Your output is to hold only the lines from the one showing "手术气动臂内镜支撑HAVE1" through the end of the listing, exactly, with every picture excluded.

### Exercise data
Start of Block
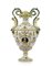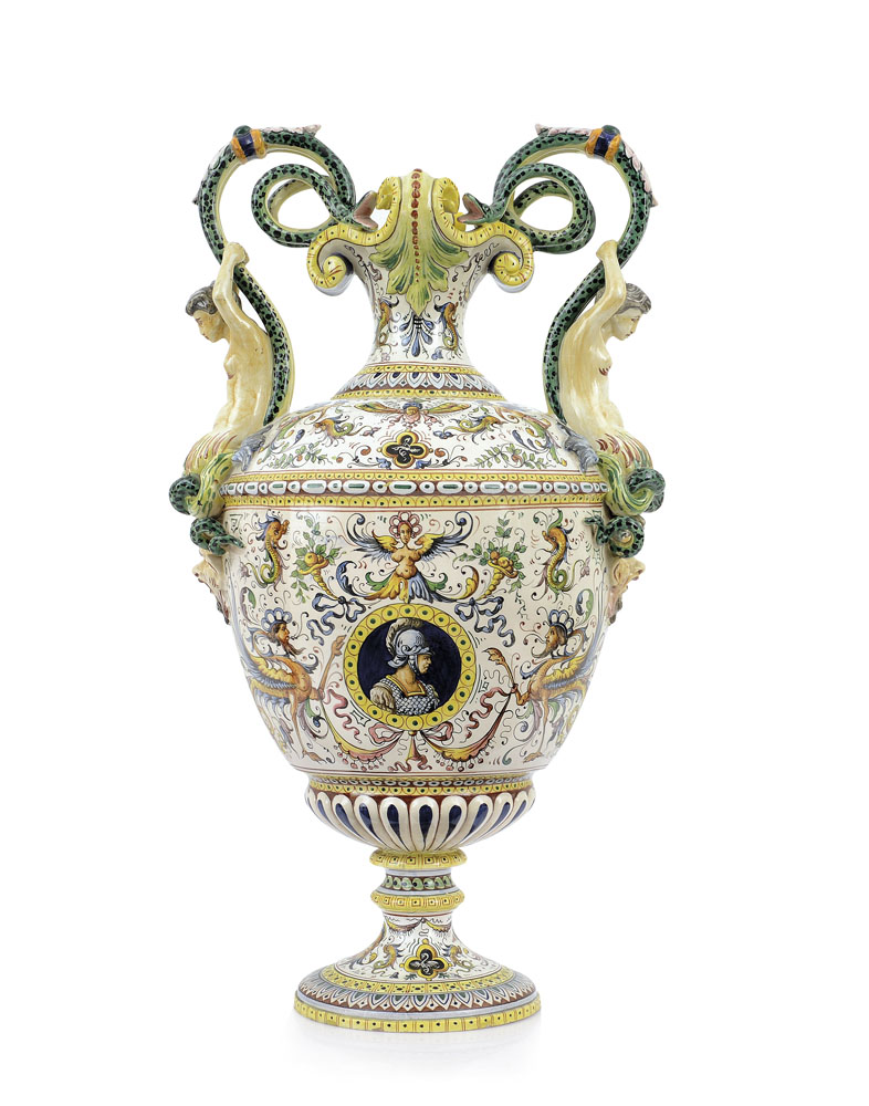 GRANDE VASO IN CERAMICA, INIZIO XX SECOLO, a balaustro con anse a sirene, mascheroni e serpi, decoro policromo a grottesche
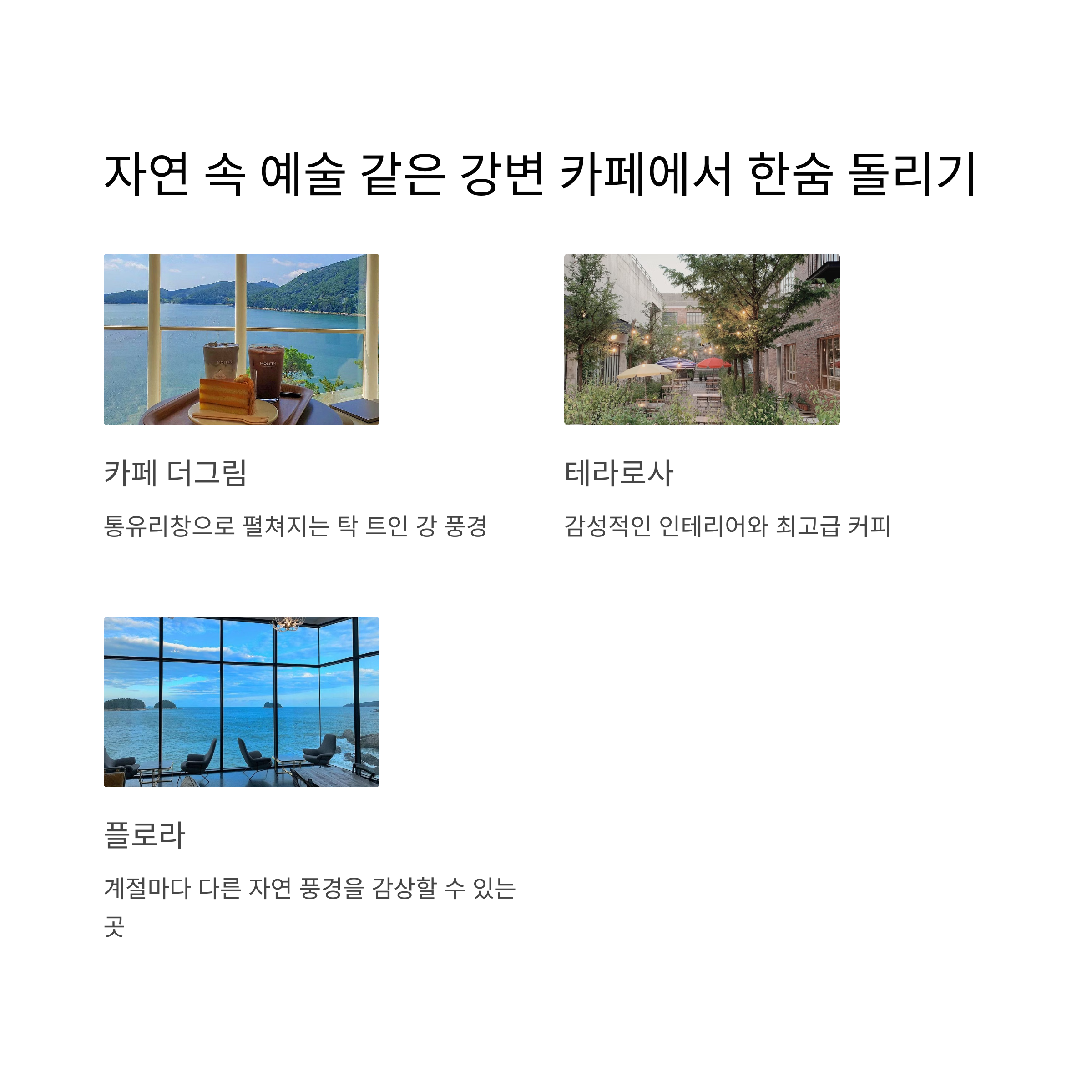 ‘더그림’, ‘플로라’, ‘테라로사’는 강변 뷰와 감성 인테리어로 인기가 높습니다. 자연 풍경을 바라보며 여유로운 휴식을 즐기기에 좋습니다.
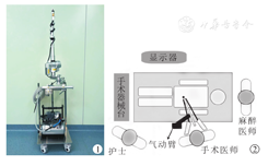 手术气动臂内镜支撑HAVE1系统(型号28172WSK),装置包含安装底座、空气压缩机和机器手臂三部分,共有5个气动关节、3个手动调节关节和1个微调关节,采用气动臂一键控制多关节实现精确定位,可满足手术全方位视野需求。以往气动臂使用时一般习惯将其安装在手术床的一侧导轨[5]。为了灵活使用气动臂,本团队通过定制专门的气动臂移动架(图1),可随时移动和固定气动臂装置,方便术者在不同术式中的调整。手术时将无菌保护套包裹气动臂,镜头固定于气动臂末端可开闭的夹锁,装置位于术者同侧(图2),由术者单人控制气动止锁开关,使镜头视野固定于任意进深和角度。
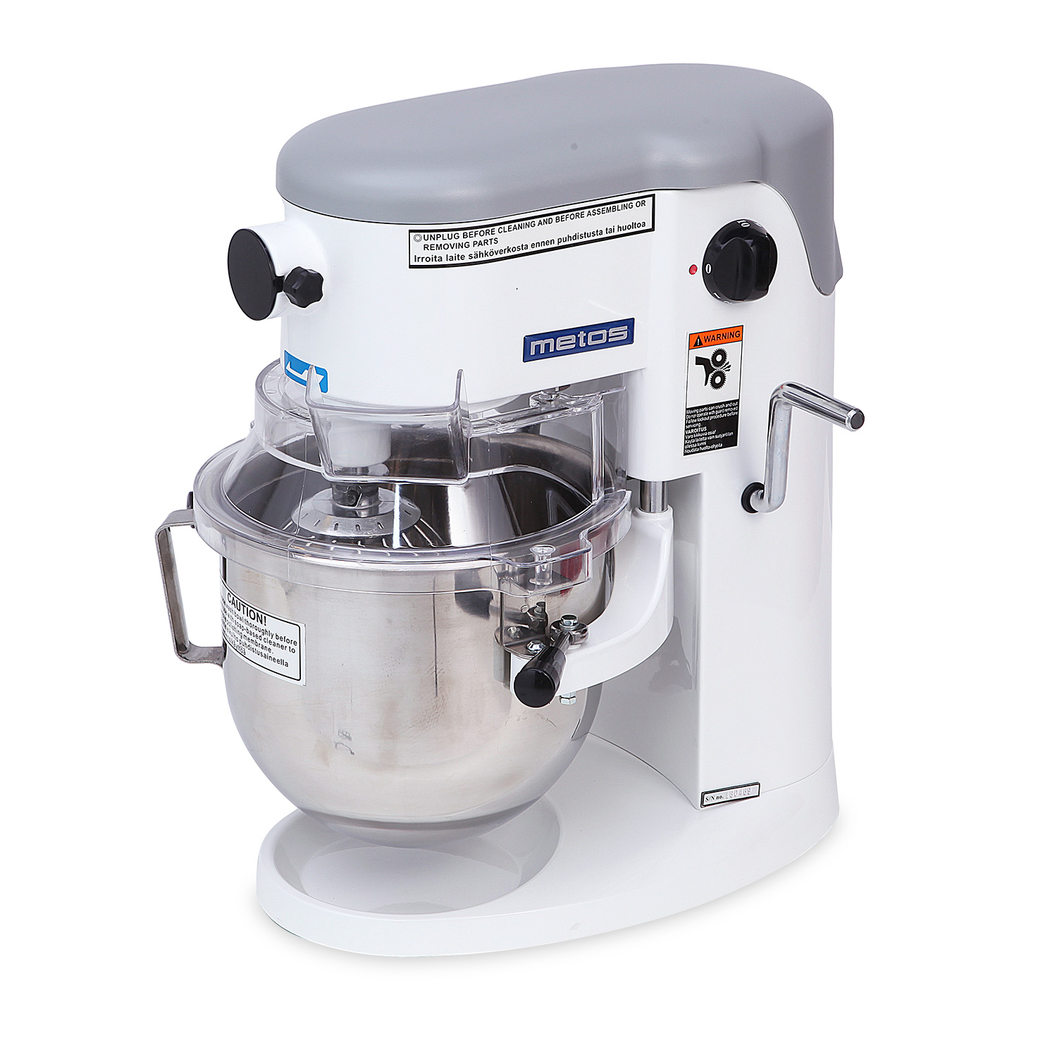 Vakiovarusteet (sisältyvät tarjottuun hintaan) – ruostumaton teräs kulho 5 l – ruostumaton teräs koukku – ruostumaton teräs vispilä – ruostumaton teräs mela
End of Block
### Response to this task
 手术气动臂内镜支撑HAVE1系统(型号28172WSK),装置包含安装底座、空气压缩机和机器手臂三部分,共有5个气动关节、3个手动调节关节和1个微调关节,采用气动臂一键控制多关节实现精确定位,可满足手术全方位视野需求。以往气动臂使用时一般习惯将其安装在手术床的一侧导轨[5]。为了灵活使用气动臂,本团队通过定制专门的气动臂移动架(图1),可随时移动和固定气动臂装置,方便术者在不同术式中的调整。手术时将无菌保护套包裹气动臂,镜头固定于气动臂末端可开闭的夹锁,装置位于术者同侧(图2),由术者单人控制气动止锁开关,使镜头视野固定于任意进深和角度。
 Vakiovarusteet (sisältyvät tarjottuun hintaan) – ruostumaton teräs kulho 5 l – ruostumaton teräs koukku – ruostumaton teräs vispilä – ruostumaton teräs mela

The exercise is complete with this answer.